**What the task requires**
Write each entry out again verbatim, pictures excluded.

··· Records to use ···

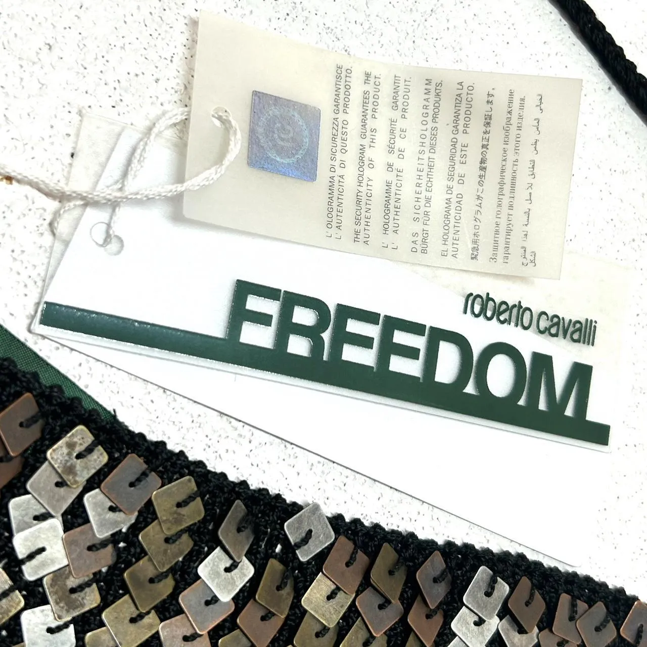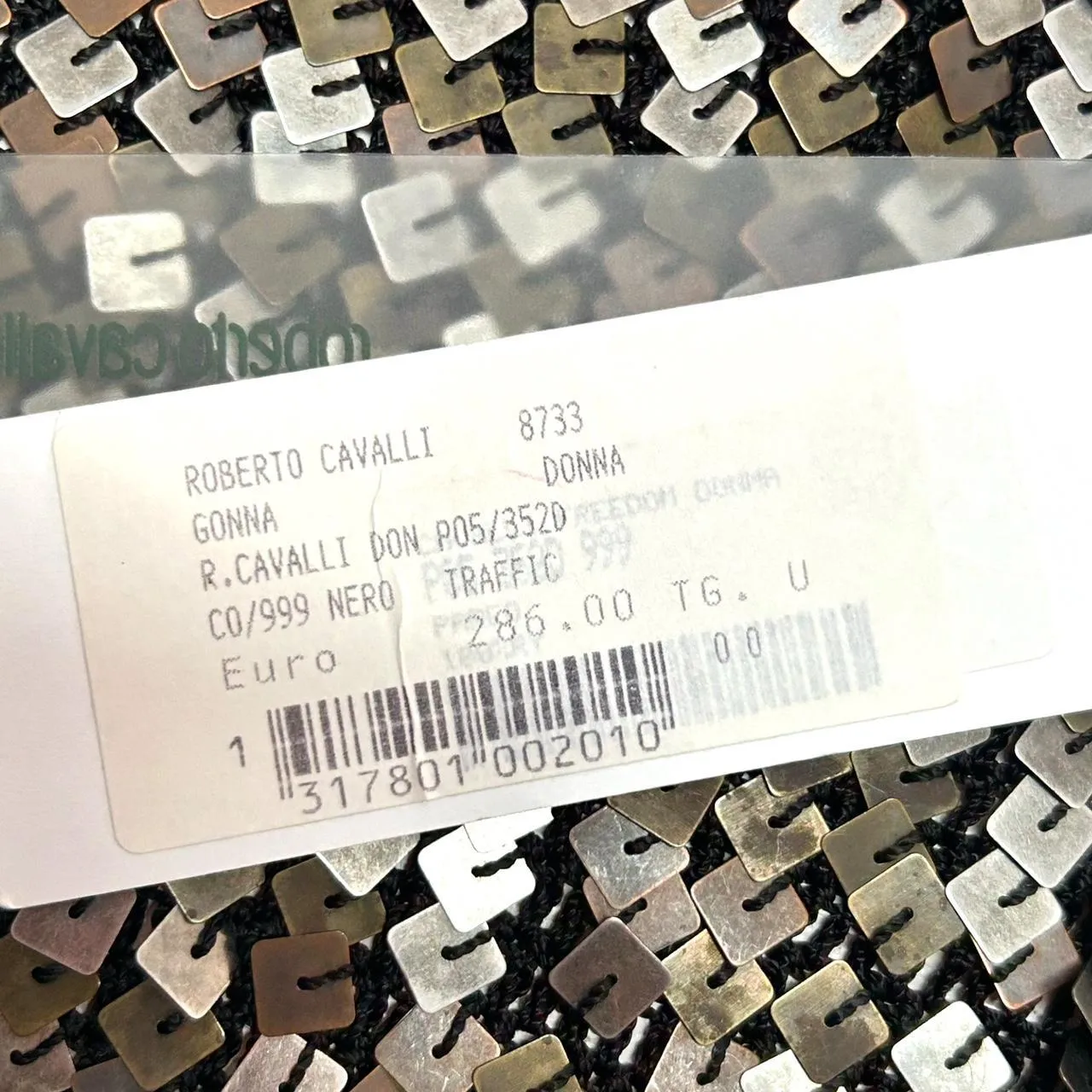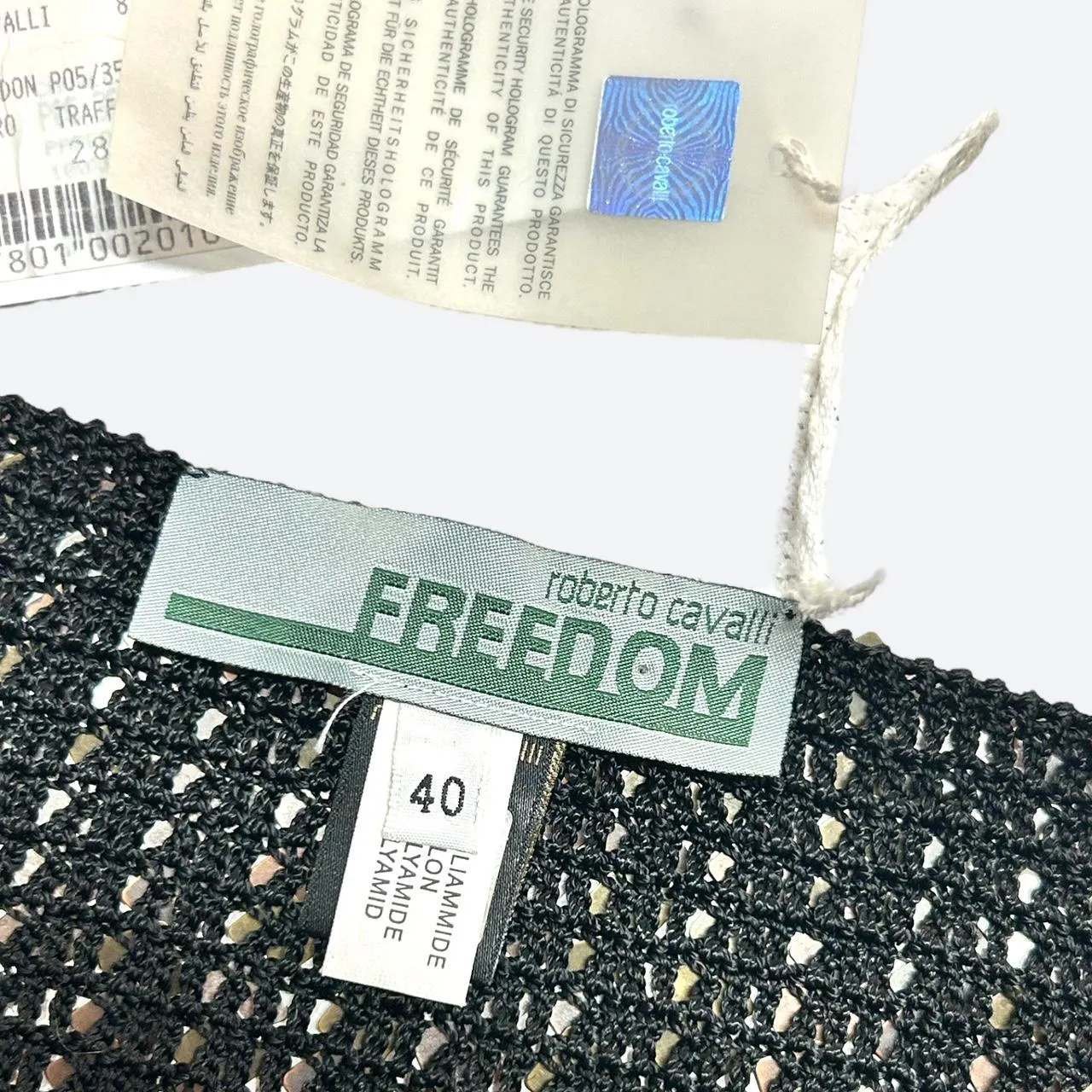 Roberto Cavalli Freedom early 00s micro sarong. This rare piece is fully made with metallic sequins on a knitted black base. Perfect to wear as a complement. Pristine vintage condition. Original tags.
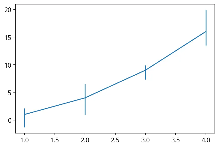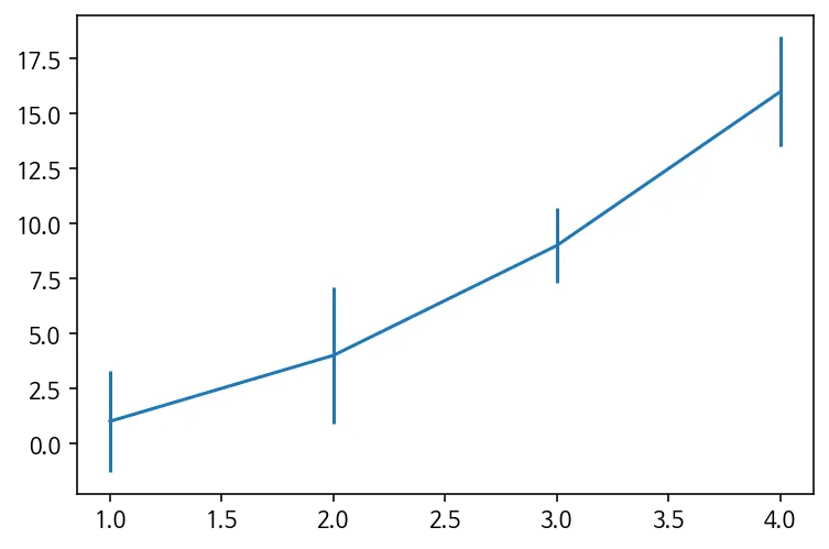 yerr = [2.3, 3.1, 1.7, 2.5] # 대칭 편차
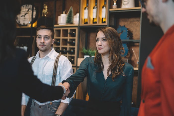 When you're meeting someone for the first time, it's polite to stand up for the initial handshake and hello. "Standing up sends a signal from across the room that you’re willing and eager to greet and welcome the other person into your here-and-now. It speaks well of you even before you’ve had an opportunity to say your first word because it shows by your action that you’re a welcoming person," wrote Maralee McKee, the founder of Manners Mentor, on her website. It's just a little way to make the other person welcomed and included.
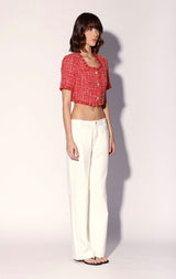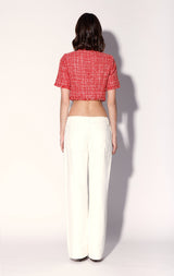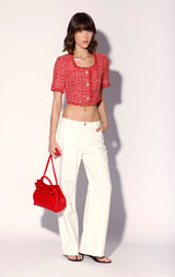 For a cool crop in a chic bright tweed, try our Rita Top. With floral shape buttons and self fringe accents, wear it with your favorite jeans or back to the Rebel Skirt for a playful set
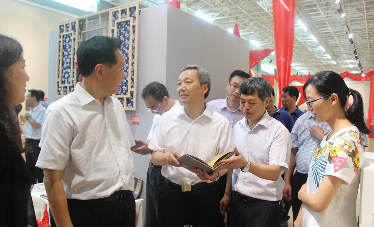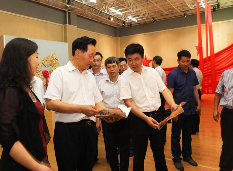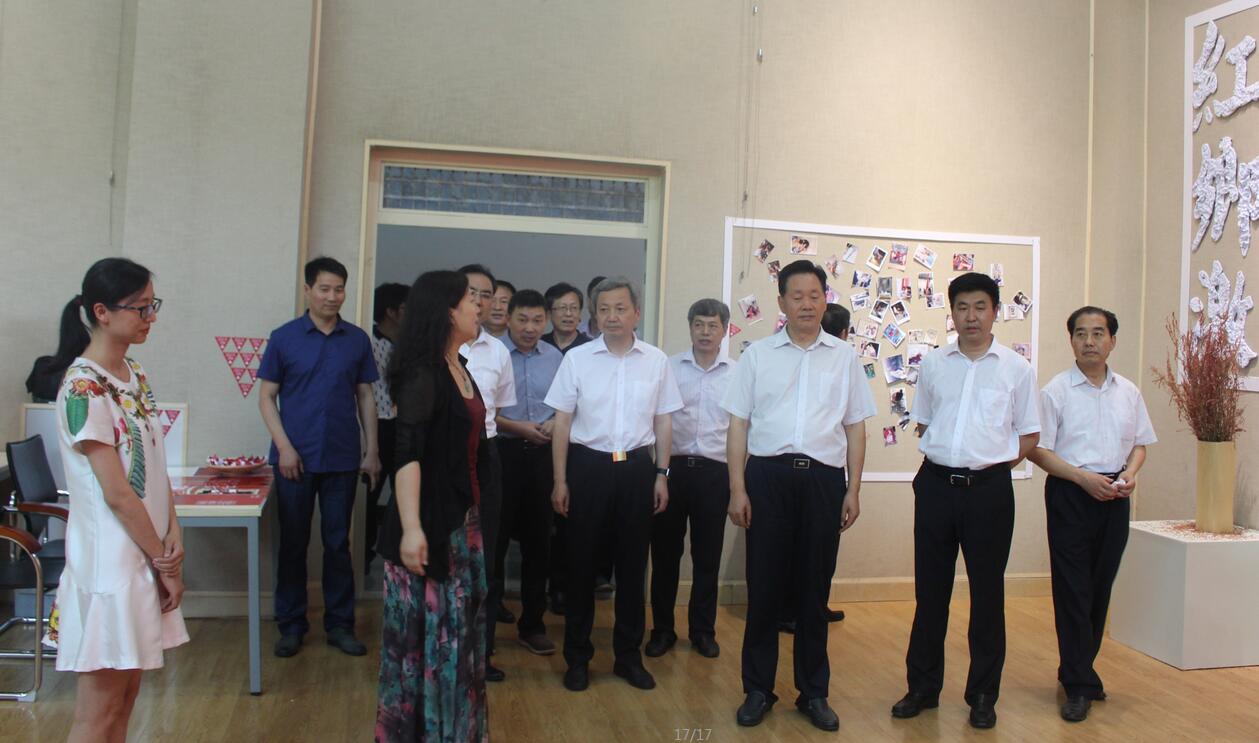 6月23日,省教育厅长朱清孟、副厅长尹洪斌带领厅办公室、发规处、基教一处、基教二处、职成教处、高教处、师范处、学生资助管理中心等部门负责人来我院参观指导'“红色乡土激情文创作品展。信阳市市长尚朝阳、副市长张明春,我校全体校领导和我院领导班子成员以及指导教师全程陪同参观。
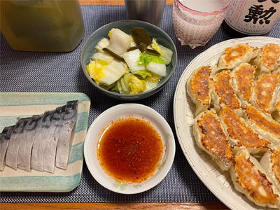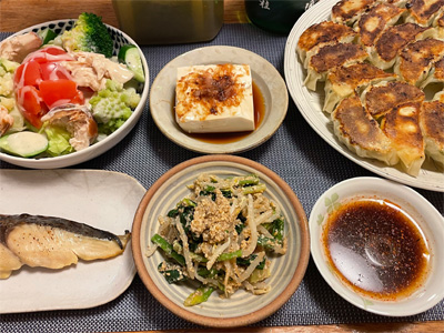 週末は例によって宅呑み続き。鰆の西京焼き、野菜サラダ、湯豆腐、ギョウザ、モヤシとほうれん草の胡麻和え。で、日本酒。
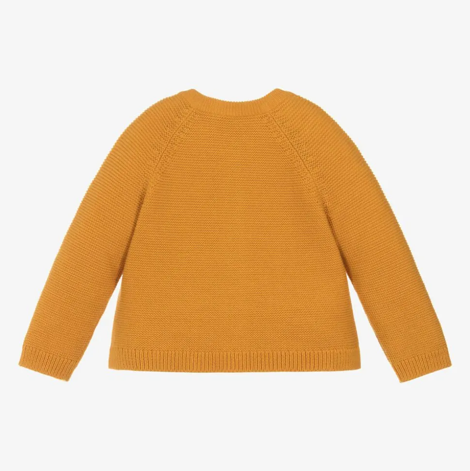 In a lovely shade of mustard yellow, this long-sleeved cardigan for little girls is by British brand Frugi. Made from a soft organic cotton knit, it has a cute bunny rabbit, mouse, and flower appliqué on the front for a fun look. It fastens neatly with branded buttons and has ribbed trims on the round neckline, cuffs and hemline.
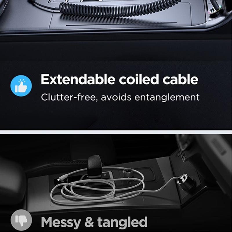 - Autofahrten: Die Spule bleibt ordentlich um den Schalthebel herum und reicht dennoch weit genug für die Passagiere auf dem Rücksitz.
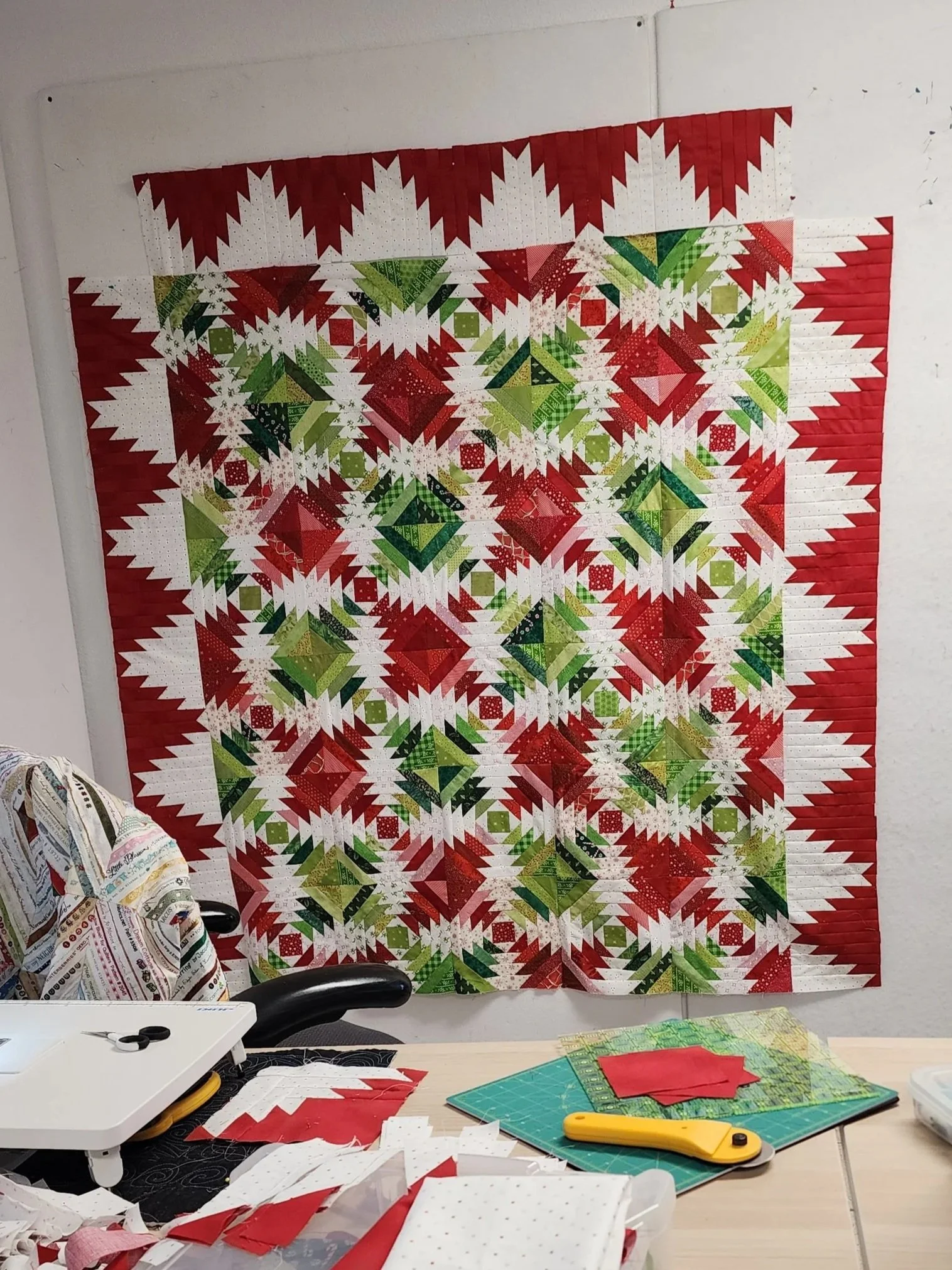 - Sewing area has many design walls, ironing and cutting stations.
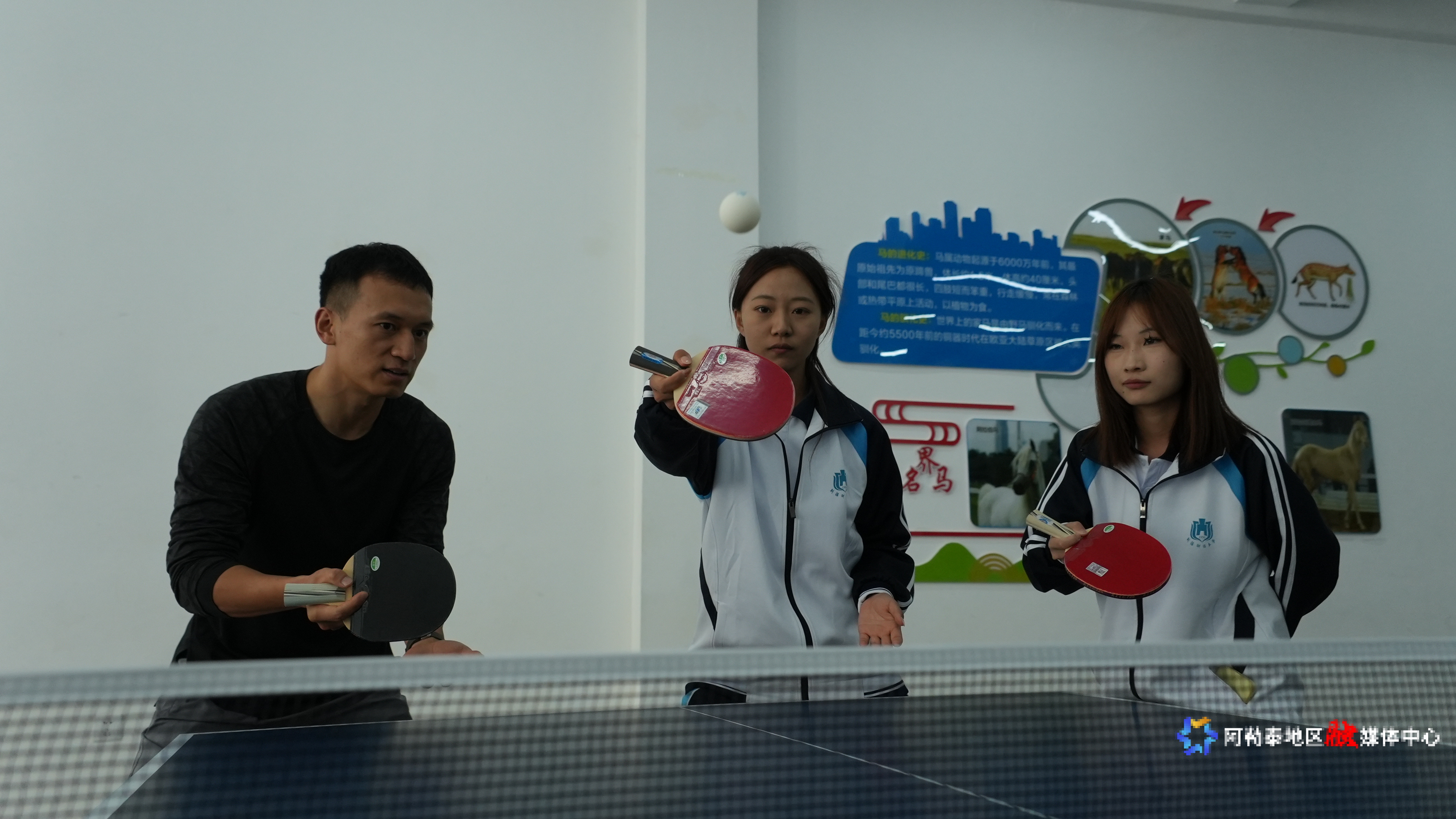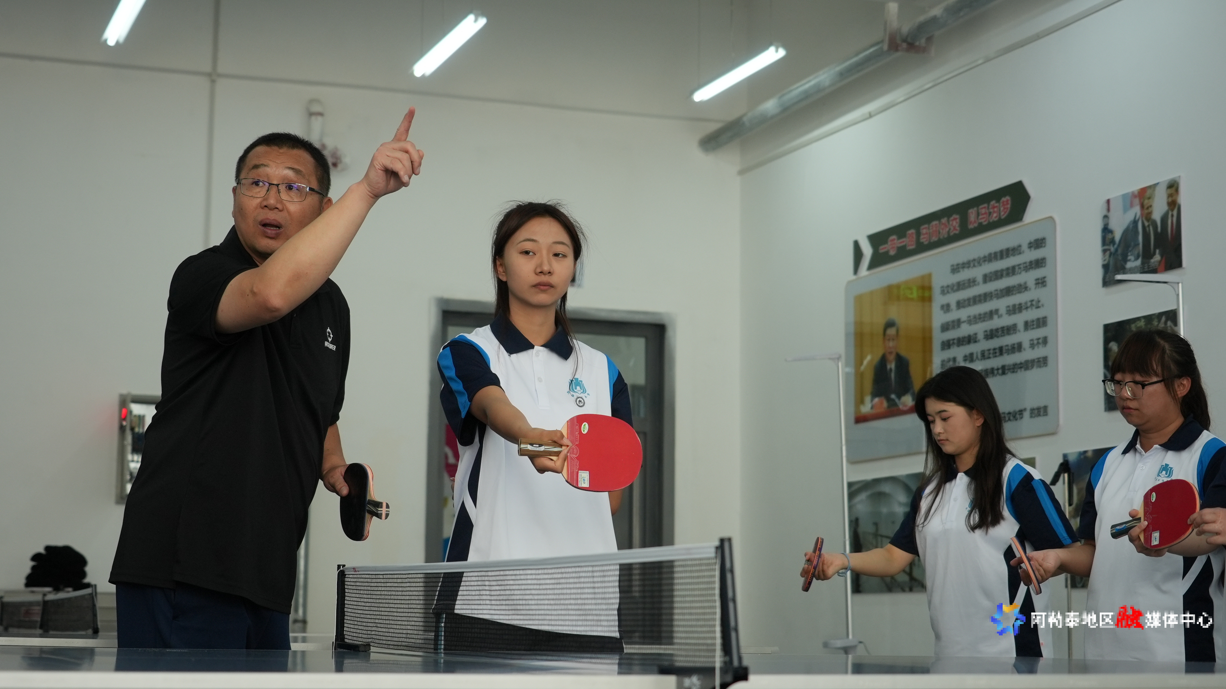新疆财经大学阿勒泰校区体育老师张世敏正在指导酒店管理1班同学乒乓球直板反手推挡技术。

···

**Exercise result**
 Roberto Cavalli Freedom early 00s micro sarong. This rare piece is fully made with metallic sequins on a knitted black base. Perfect to wear as a complement. Pristine vintage condition. Original tags.
 yerr = [2.3, 3.1, 1.7, 2.5] # 대칭 편차
 When you're meeting someone for the first time, it's polite to stand up for the initial handshake and hello. "Standing up sends a signal from across the room that you’re willing and eager to greet and welcome the other person into your here-and-now. It speaks well of you even before you’ve had an opportunity to say your first word because it shows by your action that you’re a welcoming person," wrote Maralee McKee, the founder of Manners Mentor, on her website. It's just a little way to make the other person welcomed and included.
 For a cool crop in a chic bright tweed, try our Rita Top. With floral shape buttons and self fringe accents, wear it with your favorite jeans or back to the Rebel Skirt for a playful set
 6月23日,省教育厅长朱清孟、副厅长尹洪斌带领厅办公室、发规处、基教一处、基教二处、职成教处、高教处、师范处、学生资助管理中心等部门负责人来我院参观指导'“红色乡土激情文创作品展。信阳市市长尚朝阳、副市长张明春,我校全体校领导和我院领导班子成员以及指导教师全程陪同参观。
 週末は例によって宅呑み続き。鰆の西京焼き、野菜サラダ、湯豆腐、ギョウザ、モヤシとほうれん草の胡麻和え。で、日本酒。
 In a lovely shade of mustard yellow, this long-sleeved cardigan for little girls is by British brand Frugi. Made from a soft organic cotton knit, it has a cute bunny rabbit, mouse, and flower appliqué on the front for a fun look. It fastens neatly with branded buttons and has ribbed trims on the round neckline, cuffs and hemline.
 - Autofahrten: Die Spule bleibt ordentlich um den Schalthebel herum und reicht dennoch weit genug für die Passagiere auf dem Rücksitz.
 - Sewing area has many design walls, ironing and cutting stations.
新疆财经大学阿勒泰校区体育老师张世敏正在指导酒店管理1班同学乒乓球直板反手推挡技术。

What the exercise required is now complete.